Хромой сел рядом со мной, будто бы просто занял свободное место. И заговорил первый, как те трое, осмелев от чарки. С ним я уже встречался несколько раз после войны, но он лишь здоровался со мной, даже шапку снимал с какой-то фальшивой, подчеркнутой и униженной предупредительностью, однако никогда не заговаривал.
— Вот хоть бы этот Митька Сметана. Скажем, он тоже полицай. Но ведь не первый же он туда пошел! Силой оружия взяли. И эти оба: Вечер и Максимук. Против рожна, товарищ Зенько, не попрешь. Каждая власть…
Сосед мне неприятен. Молчал бы он лучше, а я бы глядел в окно. Рожь цветет, ходит волнами, столько зелени вокруг. «Глядите на траву — пускай на зеленом отдохнут глаза». Вспоминается давнее, из предвоенной еще службы в армии: слова сержанта на стрельбище. Глаза уже приустали за эти годы. И сердцу хорошо бы отдохнуть и успокоиться. После тревог, перед тревогами. Дорога успокаивает. Вот только он, черт его знает зачем, бубнит давно уже мне известное…
В их большой деревне, которая благодаря церкви и двум-трем лавкам издавна привыкла считать себя местечком, во время оккупации стоял фашистский гарнизон. «Сила оружия» была поначалу у тех двух немецких жандармов, что приехали в это… ну пускай местечко из районного городка.
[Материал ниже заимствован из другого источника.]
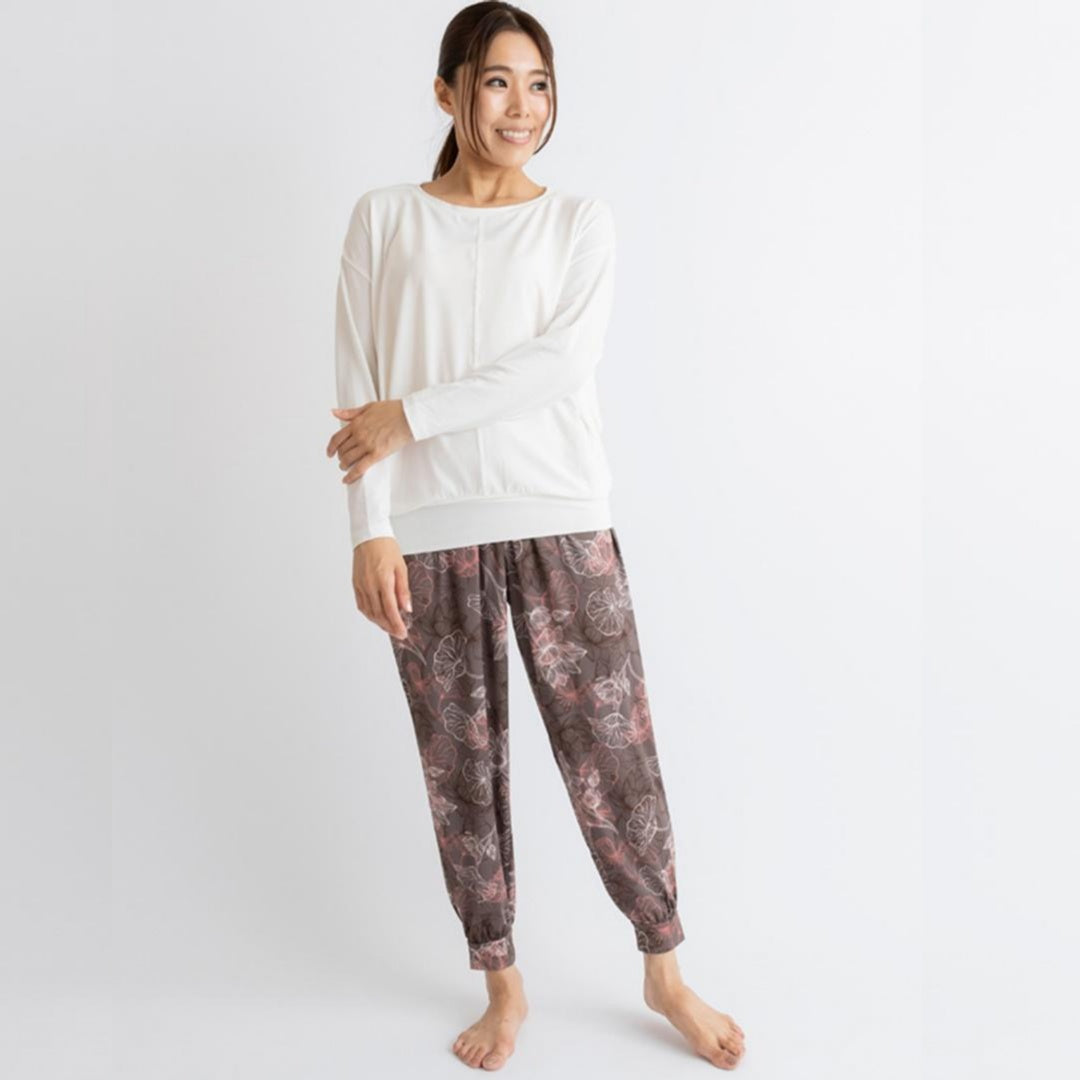 3色のロータスの花が重なり合う秋冬オリジナルプリントのパンツです。

Что-то сразу, в июле сорок первого. Они уже, впрочем, были не одни, оккупанты, а с помощниками. Два полицая и переводчик. Полицаи еще ходили в своей одежде, только неуклюже подпоясанные поверх пиджаков патронташами, с белыми повязками на рукавах, и назывались «службой порядка». Один из них местечку был знаком: шофер Нашо́ра, тот, что возил председателя райсовета. Переводчика тоже признали: Шлемы-телятника сын, который учился на адвоката. Он был, само собой, без винтовки, с желтыми заплатками на груди и на спине и все словно ждал, с какой стороны ударят, хотя оглянуться боялся. И когда говорил и когда молчал.
— Кто у нас пошел тогда сразу в полицию? Первым — Басала́й, Алены Конашевой байстрючок. Сами, товарищ Зенько, не хуже меня знаете — голодранец и воришка на все местечко. Ему убить, украсть, поджечь — что нам с вами воды в жару напиться. А Гусакович, тот же в советской милиции служил, так забоялся, что активист, прицепятся немцы, тоже записался тогда. Оно, коли подумать, разве ж мог кто ожидать, что будет столько крови. А порядок…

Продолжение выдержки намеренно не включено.